Tech
Gunnari Auvinen: Understanding the Differences Between AI, Machine Learning, and Neural Networks
Gunnari Auvinen is a software engineer based in Cambridge, Massachusetts, with extensive experience in systems engineering, software development, and technical leadership. Currently serving as a staff software engineer at Labviva, he oversees code reviews, system architecture discussions, and technical planning while helping engineers navigate complex software systems. Over the course of his career, Gunnari Auvinen has worked with organizations including General Dynamics Advanced Information Systems, Sonian, Turo, Hack Reactor, and Labviva, where he contributed to platform modernization, educational programming, and large-scale engineering initiatives. His professional background spans full-stack JavaScript development, system integration, and contemporary application architecture.

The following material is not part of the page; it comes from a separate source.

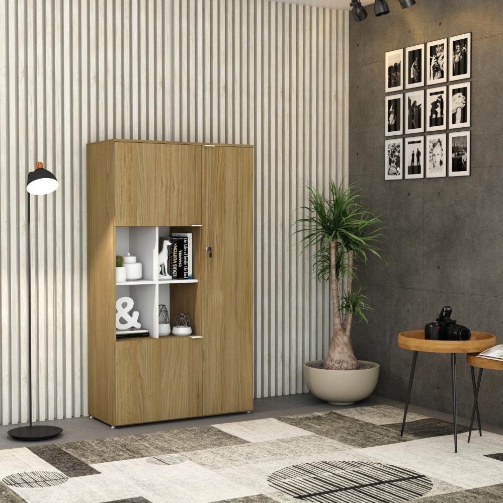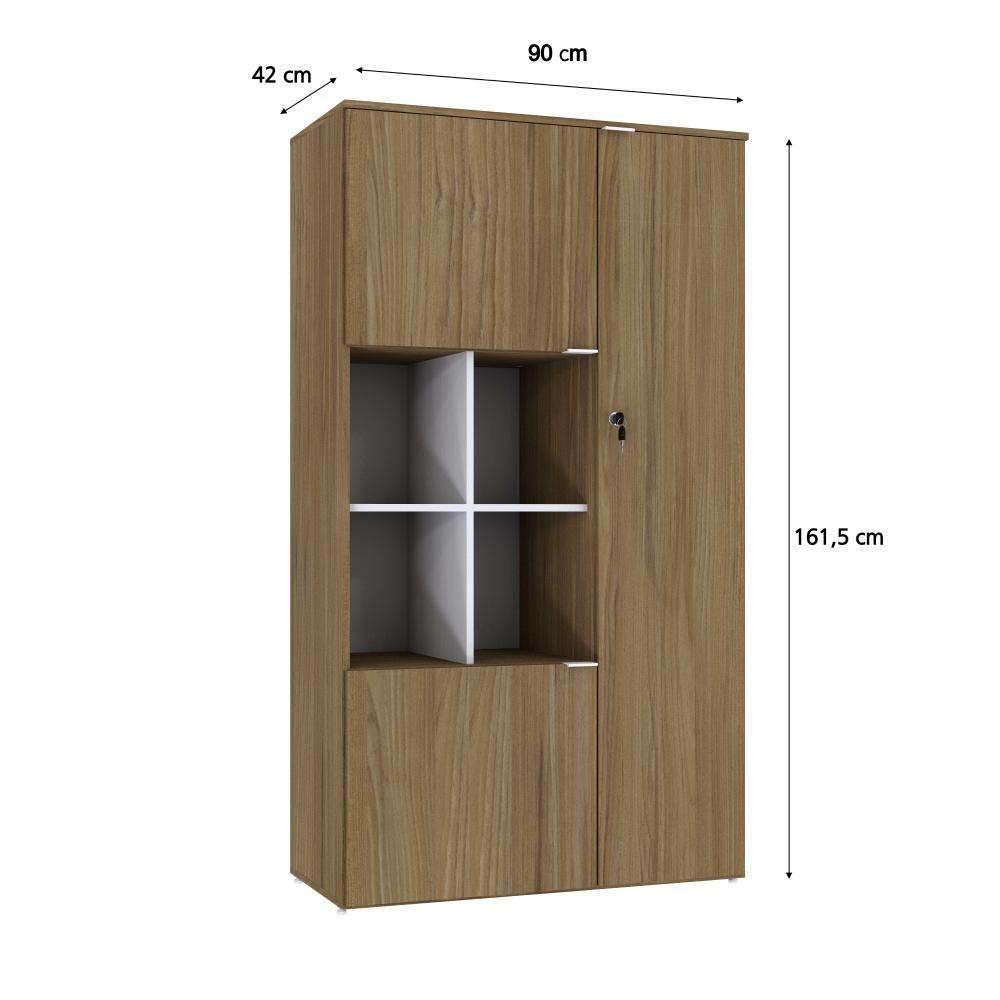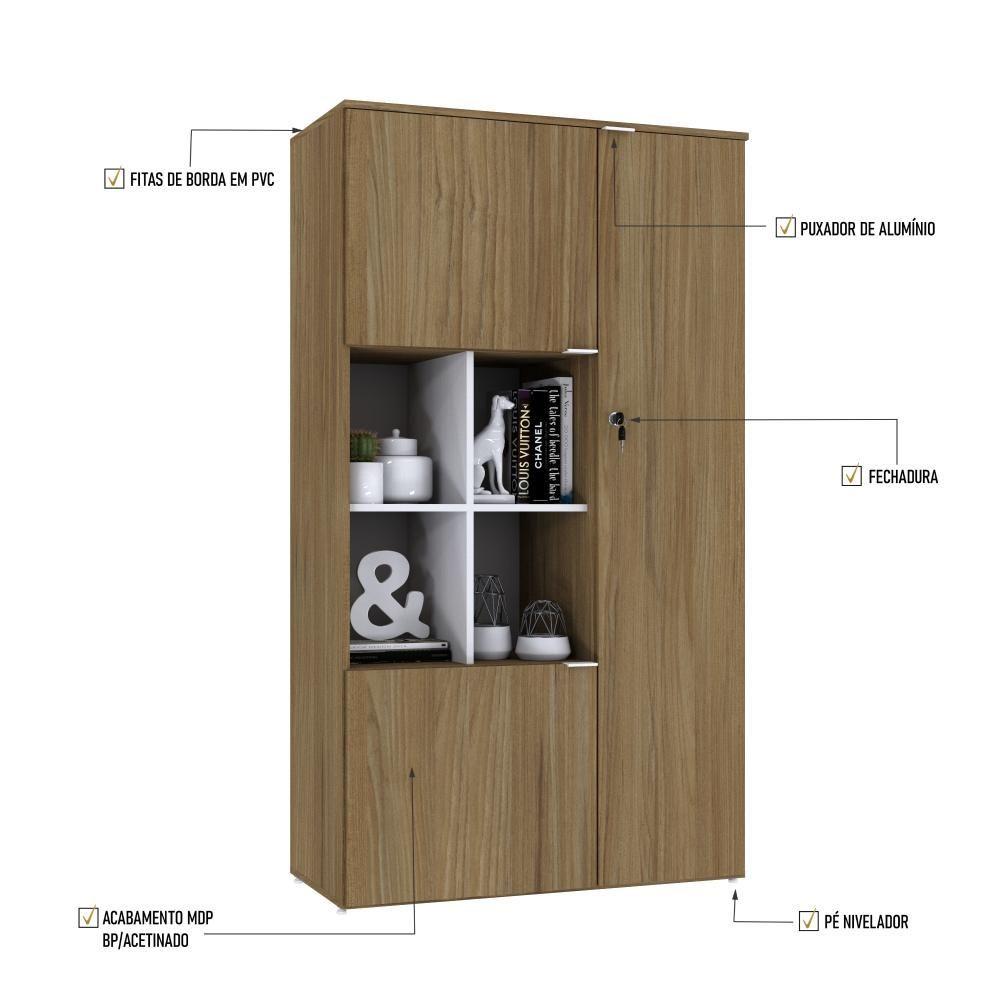Armário Alto C/nicho E 03 Portas 161,5x90x42cm Wlan90 Vermont Oak / Branco Vermont Oak / BrancoSobre o ProdutoArmário Alto C/Nicho e 03 Portas 161,5x90x42cm WLAN90 Vermont Oak / BrancoDescrição do Produto:O Armário Alto com Nicho WLAN90 WorkLab é a escolha perfeita para quem busca um móvel versátil e funcional. Combinando três portas e um nicho aberto, ele oferece espaço de armazenamento e exibição em um único design. Com linhas limpas e detalhes elegantes, suas portas possuem dobradiças com amortecedor que garantem um fechamento suave e silencioso, além dos puxadores em alumínio, discretos e funcionais. Seja para armazenar documentos importantes, exibir sua coleção de livros ou manter seus materiais organizados, o Armário WLAN90 WorkLab é a escolha perfeita para escritórios, home offices ou ambientes corporativos. Ele combina funcionalidade com estilo, elevando a estética do seu espaço de linha WorkLab combina funcionalidade, design contemporâneo e durabilidade para criar um ambiente de trabalho eficiente e inspirador. Com uma ampla variedade de peças versáteis, a WorkLab oferece soluções completas para escritórios, home offices e espaços corporativos. Explore os principais componentes dessa linha e ache a escolha certa para quem busca qualidade, design e funcionalidade em móveis de escritório. Transforme seu espaço de trabalho com a elegância e praticidade da linha Inclusos:1 Armário c/NichoDimensões dos Produtos:Armário Alto C/Nicho e 03 Portas 161,5x90x42cm WLAN90 Vermont Oak / Branco: 90 x 42 x 161,5 cmInformações Logísticas (Comp. X Prof. X Alt.) 164 x 44 x 7 cm - Peso: 26,845 100 x 51 x 11 cm - Peso: 26,74 KgPeso Total: 53,585 KgObservações:Não acompanha acessórios decorativos. Imagens meramente ilustrativas.Informações Técnicas / Características:- Cor do Produto: Vermont Oak / Branco- Cor do Predominante: Marrom Claro- Marca: Metalig- Modelo: WLAN90- Linha: WorkLab- Material: Mdp - Acabamento: BP- Escala de Brilho: Fosco- Fita de Borda: Pvc- Possui Portas: 3- Tipo de Porta: Bater- Tipo da Dobradiça: Metálica C/Amortecedor- Possui Gavetas: Não - Possui Chave: Sim - Material do Puxador: Alumínio- Possui Prateleiras: 5- Peso Máximo por Prateleira: 10kg - Pés Niveladores: Sim - Acabamento Estrutura: BP- Formato: Retangular- Possui Nicho: 4 - Suporta Até (kg): 80kg- Comprimento: 90cm- Profundidade: 42cm- Altura: 161,5cm - Peso Lí.: 52,1Kg- Recomendações de Uso, Manutenção e Limpeza: Para a limpeza, utilize flanela seca ou pano macio levemente umedecido em água. Utilize um pano seco em seguida. Evite com produtos químicos (solventes, thinner, acetona, etc) e não utilize nenhum tipo de esponja de aço.- Necessita de Montagem: Sim / Acompanha Manual de Montagem- Complexidade da Montagem: Alta: deve ser montado por um montador especializado.- Garantia: 6 meses Comprimento: 90 | Largura: 42 | Marca: Compace | Altura: 161,5 | Quantidade máxima de pedido: 1 | Quantidade de volumes: 2 | Modelo: WLAN90 | Necessita montagem: Sim | Profundidade: 42 Cor: Vermont Oak / Branco

With experience implementing modern technical frameworks and supporting advanced software systems, his career aligns naturally with discussions surrounding AI, machine learning, and neural networks and their growing role in technology and business operations.
Understanding the Differences Between AI, Machine Learning, and Neural Networks
Artificial intelligence (AI), machine learning, and neural networks are computer science terms that people sometimes use interchangeably. In reality, the three terms describe three distinct technologies. Understanding these nuanced differences is increasingly important as they shape business and daily life.
From a broad perspective, individuals can think of these terms as a series of AI systems that go from largest to smallest, with each technology existing as a subset of the preceding one: AI is the largest system, machine learning is an AI subset, and neural networks provide a framework for deep learning algorithms, which exist as a subfield of machine learning.
AI is a diverse group of machine-based technologies designed to imitate human intelligence as closely as possible. Successful AI systems replicate specific cognitive functions, such as problem-solving or learning. AI technology uses these functions to make predictions, automate tasks, and optimize processes.
AI systems typically fall under one of three primary categories: artificial narrow intelligence (ANI), artificial general intelligence (AGI), and artificial superintelligence (ASI). ANI, or weak AI, handles specific tasks, such as chess, chatbots, or virtual assistants like Alexa and Siri. Multiple ANI systems can support complex technologies like self-driving vehicles.
Stronger AI systems more closely mimic human behaviors. Effective AGI systems should behave comparably to human agents, while ASI would exceed humans in terms of both intelligence and ability. However, strong AI systems do not yet exist in the real world.
As a subset of AI, machine learning refines AI systems, allowing developers to optimize ANI performance. Successful machine learning frameworks allow for more accurate predictions and reduced errors, such as a retail website making product recommendations to consumers after reviewing a shopper’s purchase history.
Like AI, machine learning exists in several forms, most prominently classic machine learning and deep learning. Classic machine learning, or non-deep machine learning, requires human input; otherwise, the computer system cannot interpret the required data, outline patterns, or execute the desired tasks. Human operators establish a hierarchy of features, allowing machine learning programs to distinguish between different data sets and provide accurate results.
Deep learning, by comparison, learns more rapidly than classic learning setups, allowing the system to automate and learn with minimal human intervention. Deep learning also performs better than classic machine learning when faced with very large data sets.
Finally, neural networks, also known as artificial neural networks and simulated neural networks, function as a subset of machine learning. They are particularly important for structuring deep learning algorithms. The term “neural” refers to how the networks imitate neurons in the human brain, delivering information to one another via a series of rapid and complex signals.
Neural networks comprise several node layers, including an input layer, a number of hidden layers, and an output layer. Each node in each layer functions as an artificial neuron, connected to the next node in the chain. When a node’s output exceeds its programmed threshold value, it activates and delivers data to the next layer.
Developers use training data sets to teach neural networks, allowing systems to become more accurate with time. After refining an algorithm’s performance, developers can use deep learning and neural networks to create more robust AI systems capable of quickly cataloging and interpreting large, complex data sets. Speech and image recognition tools rely on neural networks, taking only a few minutes to complete a task that would take a human agent several hours.
About Gunnari Auvinen
Gunnari Auvinen is a Massachusetts-based software engineer with experience spanning systems integration, platform engineering, and full-stack application development. He currently works as a staff software engineer at Labviva, where he leads architectural planning, system design sessions, and technical reviews. Previously, he held engineering and educational roles with organizations including General Dynamics, Sonian, Turo, and Hack Reactor. Outside of work, he volunteers with Rice Sticks & Tea and enjoys hiking, gourmet coffee, cooking, weightlifting, and board games.